## Exercise objective
Repeat the data word for word. Do not include the pictures.

Stored data entries
::::
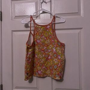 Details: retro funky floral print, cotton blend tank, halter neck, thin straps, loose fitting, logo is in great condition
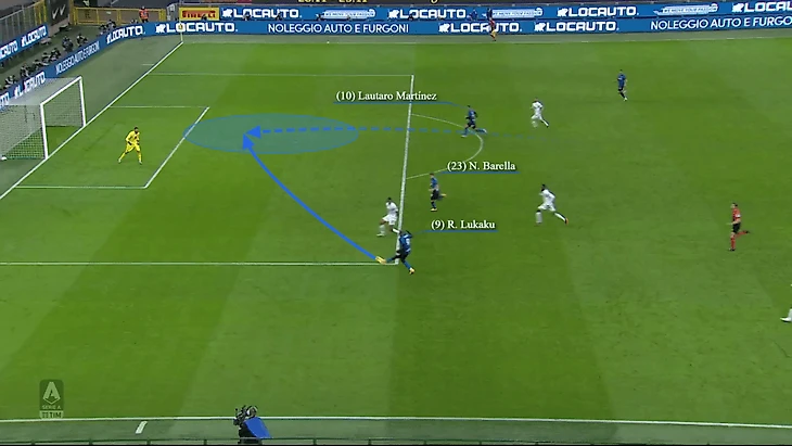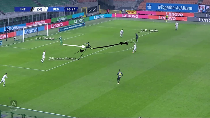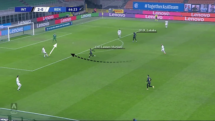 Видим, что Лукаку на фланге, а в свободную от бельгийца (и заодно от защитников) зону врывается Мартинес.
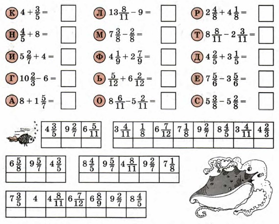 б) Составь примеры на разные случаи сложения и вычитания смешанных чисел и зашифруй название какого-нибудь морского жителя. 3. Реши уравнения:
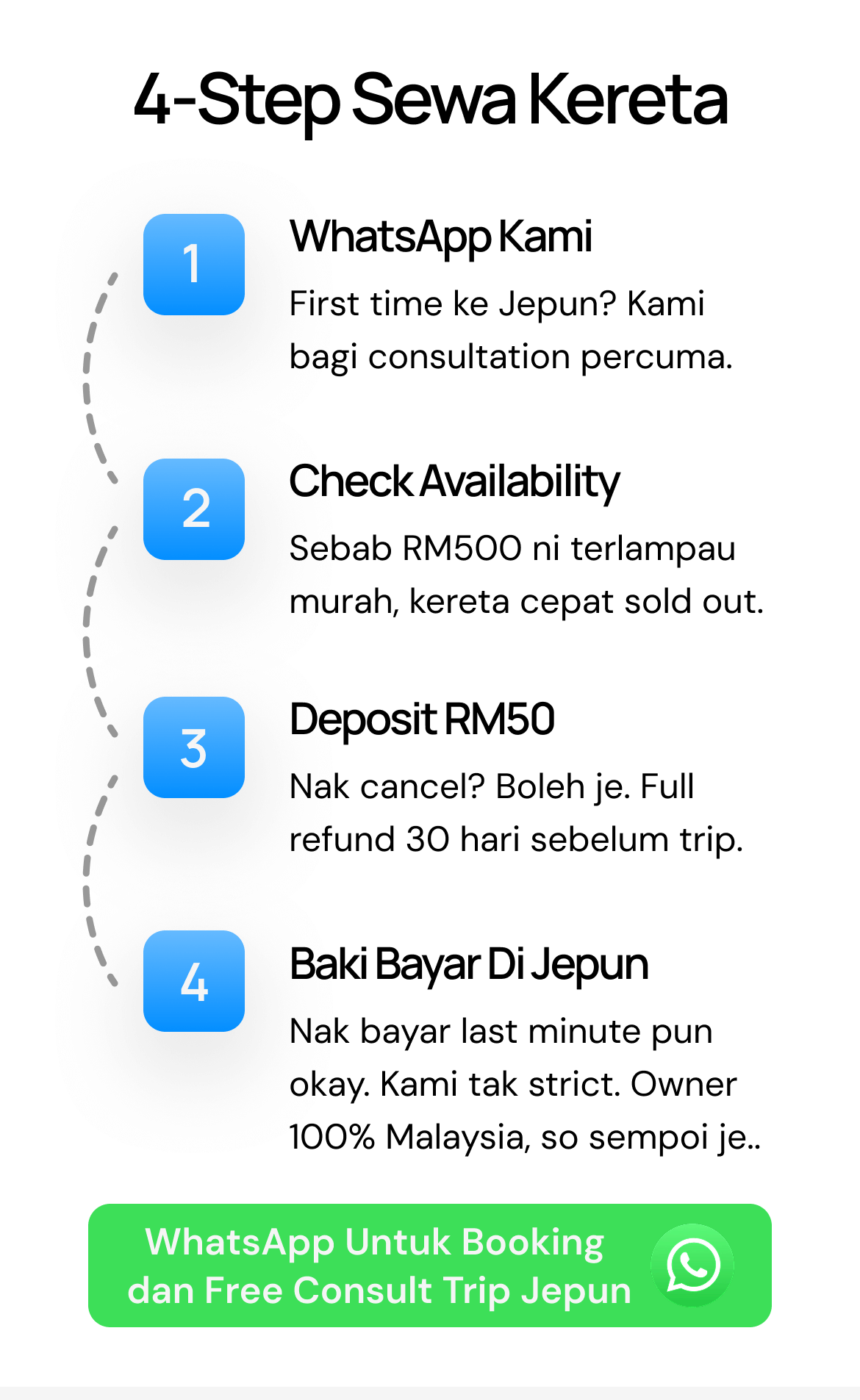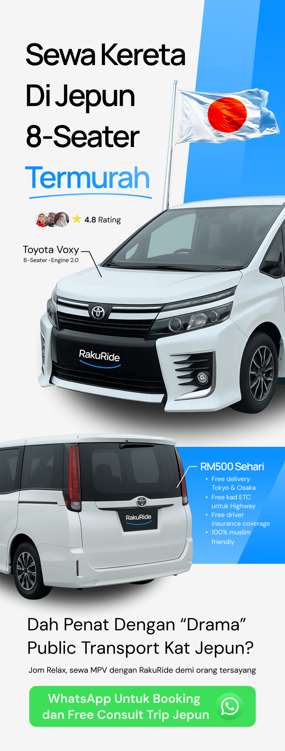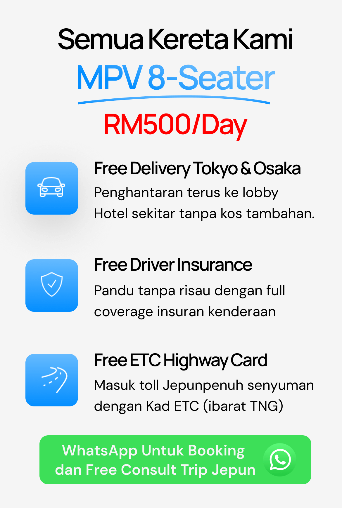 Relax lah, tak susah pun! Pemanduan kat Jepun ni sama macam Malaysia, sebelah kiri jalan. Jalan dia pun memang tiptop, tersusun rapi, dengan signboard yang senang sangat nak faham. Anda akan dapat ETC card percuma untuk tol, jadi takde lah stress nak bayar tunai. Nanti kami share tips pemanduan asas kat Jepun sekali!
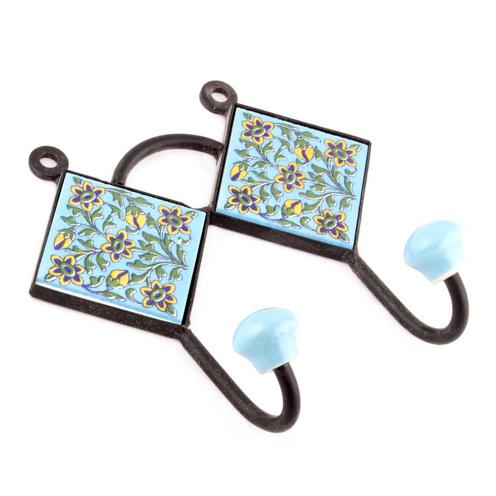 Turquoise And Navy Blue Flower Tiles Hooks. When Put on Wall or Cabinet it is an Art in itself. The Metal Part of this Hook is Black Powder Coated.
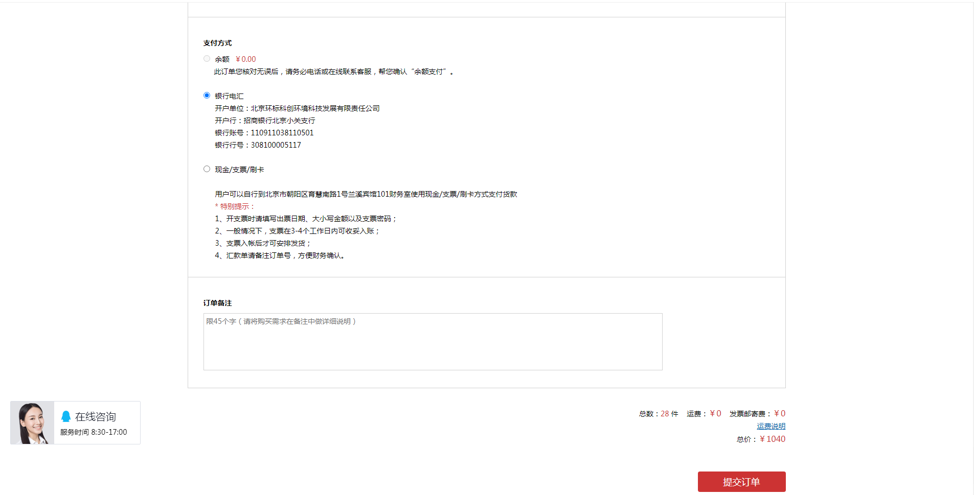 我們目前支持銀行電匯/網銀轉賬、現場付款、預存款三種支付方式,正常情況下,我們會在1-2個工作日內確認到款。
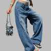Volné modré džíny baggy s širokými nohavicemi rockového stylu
::::
## Response below
 Details: retro funky floral print, cotton blend tank, halter neck, thin straps, loose fitting, logo is in great condition
 Видим, что Лукаку на фланге, а в свободную от бельгийца (и заодно от защитников) зону врывается Мартинес.
 б) Составь примеры на разные случаи сложения и вычитания смешанных чисел и зашифруй название какого-нибудь морского жителя. 3. Реши уравнения:
 Relax lah, tak susah pun! Pemanduan kat Jepun ni sama macam Malaysia, sebelah kiri jalan. Jalan dia pun memang tiptop, tersusun rapi, dengan signboard yang senang sangat nak faham. Anda akan dapat ETC card percuma untuk tol, jadi takde lah stress nak bayar tunai. Nanti kami share tips pemanduan asas kat Jepun sekali!
 Turquoise And Navy Blue Flower Tiles Hooks. When Put on Wall or Cabinet it is an Art in itself. The Metal Part of this Hook is Black Powder Coated.
 我們目前支持銀行電匯/網銀轉賬、現場付款、預存款三種支付方式,正常情況下,我們會在1-2個工作日內確認到款。
Volné modré džíny baggy s širokými nohavicemi rockového stylu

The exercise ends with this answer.